§ **Problem details**
Nothing but the lines from the one that holds "- OEM quality" through the end of the material should be repeated, each exactly as it stands, and pictures stay out.
** Data to examine follows **
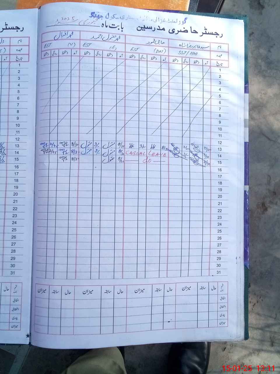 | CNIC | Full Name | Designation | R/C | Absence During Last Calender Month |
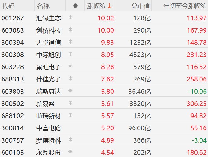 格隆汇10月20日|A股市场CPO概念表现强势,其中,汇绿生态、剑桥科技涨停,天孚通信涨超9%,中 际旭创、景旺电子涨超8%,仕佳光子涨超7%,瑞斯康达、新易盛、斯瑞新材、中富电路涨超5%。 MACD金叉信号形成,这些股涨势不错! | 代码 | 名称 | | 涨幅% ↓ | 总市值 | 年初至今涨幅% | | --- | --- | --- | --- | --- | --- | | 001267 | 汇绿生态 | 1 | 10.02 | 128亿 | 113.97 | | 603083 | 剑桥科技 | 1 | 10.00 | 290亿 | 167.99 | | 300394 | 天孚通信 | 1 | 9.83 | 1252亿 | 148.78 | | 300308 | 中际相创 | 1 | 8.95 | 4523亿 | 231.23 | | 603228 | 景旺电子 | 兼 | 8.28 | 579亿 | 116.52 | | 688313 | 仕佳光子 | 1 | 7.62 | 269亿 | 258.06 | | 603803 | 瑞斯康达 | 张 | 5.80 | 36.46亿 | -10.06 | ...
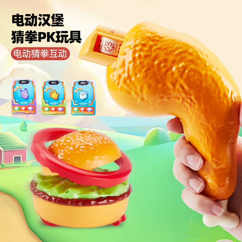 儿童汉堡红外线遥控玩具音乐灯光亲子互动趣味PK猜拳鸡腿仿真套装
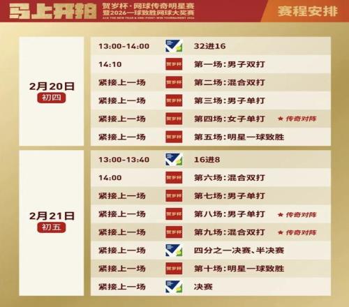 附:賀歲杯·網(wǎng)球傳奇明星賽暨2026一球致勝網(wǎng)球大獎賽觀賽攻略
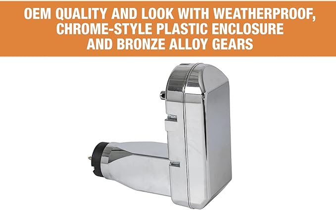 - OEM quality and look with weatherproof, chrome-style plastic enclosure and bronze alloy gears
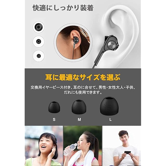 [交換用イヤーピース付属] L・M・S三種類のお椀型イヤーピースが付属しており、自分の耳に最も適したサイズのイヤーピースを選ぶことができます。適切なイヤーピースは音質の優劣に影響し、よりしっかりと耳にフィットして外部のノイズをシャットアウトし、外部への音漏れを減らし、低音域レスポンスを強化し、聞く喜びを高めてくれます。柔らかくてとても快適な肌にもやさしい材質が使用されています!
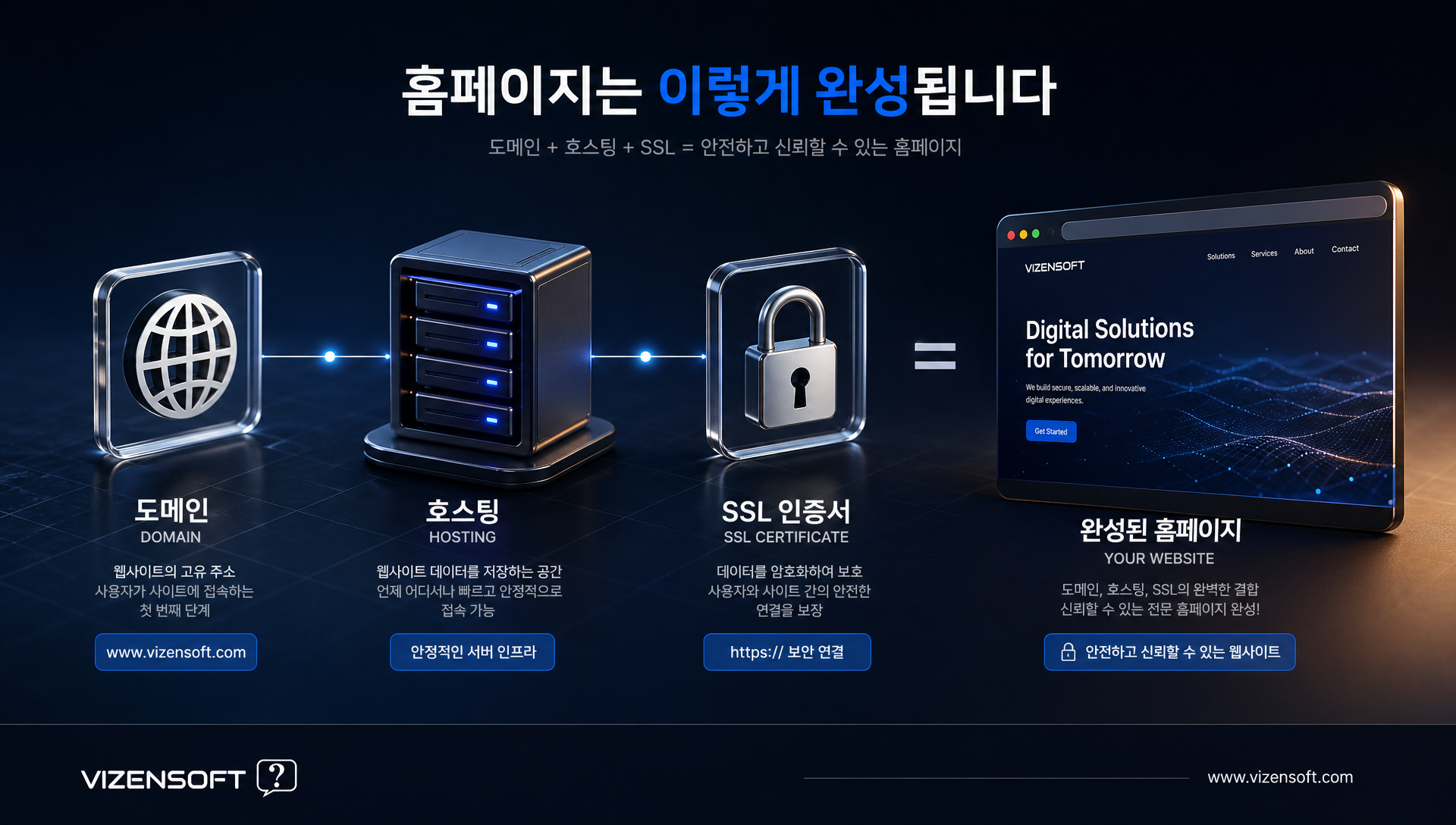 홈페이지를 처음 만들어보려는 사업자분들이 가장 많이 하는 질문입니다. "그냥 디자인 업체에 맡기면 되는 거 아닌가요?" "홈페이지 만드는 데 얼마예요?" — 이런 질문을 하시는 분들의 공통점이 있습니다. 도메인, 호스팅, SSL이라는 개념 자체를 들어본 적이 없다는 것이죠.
** End of Data to examine **
§ **Final answer**
 - OEM quality and look with weatherproof, chrome-style plastic enclosure and bronze alloy gears
 [交換用イヤーピース付属] L・M・S三種類のお椀型イヤーピースが付属しており、自分の耳に最も適したサイズのイヤーピースを選ぶことができます。適切なイヤーピースは音質の優劣に影響し、よりしっかりと耳にフィットして外部のノイズをシャットアウトし、外部への音漏れを減らし、低音域レスポンスを強化し、聞く喜びを高めてくれます。柔らかくてとても快適な肌にもやさしい材質が使用されています!
 홈페이지를 처음 만들어보려는 사업자분들이 가장 많이 하는 질문입니다. "그냥 디자인 업체에 맡기면 되는 거 아닌가요?" "홈페이지 만드는 데 얼마예요?" — 이런 질문을 하시는 분들의 공통점이 있습니다. 도메인, 호스팅, SSL이라는 개념 자체를 들어본 적이 없다는 것이죠.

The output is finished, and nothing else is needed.